On my bookshelves I have a copy of the famous 1971 “pink” issue of Dialogue: A Journal of Mormon Thought, a pioneering effort for Mormon feminists to make themselves heard. Nearly 50 years later, Dialogue’s latest issue builds upon that effort with a special issue guest edited by the feminist magazine Exponent II.

As a collection of essays, articles, poetry, and art all organized around the theme of women claiming power, it’s beautiful and strong. (And downloading it here is free, so please give it a read.) Reading the issue, I was struck by two primary observations. One is exciting, and the other is mildly depressing.

The exciting part is that this is not our grandmothers’ Mormon feminism, or our mothers’, but something bigger. It’s global and interracial.

For example, its opening essay on Latina sisters and the hermandad recognizes that more than four in ten Latter-day Saints around the world identify or have ties with Latinx heritage. Their voices can be doubly marginalized — they’re women in a church that does not give women much of an institutional voice (see below . . .), and they’re Latinas in a church with a prominent Anglo-American culture and a complicated racial history around “Lamanite” heritage.

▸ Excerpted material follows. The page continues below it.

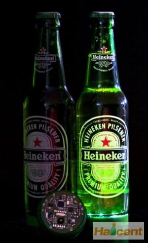 当将酒瓶放下一会,那么它将自动进入休眠状态,当被拿起时,它又会慢慢苏醒。啤酒瓶的灯光还能够通过远程控制,让酒瓶的闪烁与音乐的节拍一致,从而将舞会转换为一个灯光秀。

I spoke to Margaret Olsen Hemming, the editor of Exponent II and guest editor of this issue of Dialogue, who said that the commitment to multicultural perspectives is intentional. “I really believe that the most vibrant and important voices in our theology and in Mormon scholarship are coming from the margins of our society and of our church,” she said.

She also wanted the special issue to complicate ideas of who holds power in Mormonism.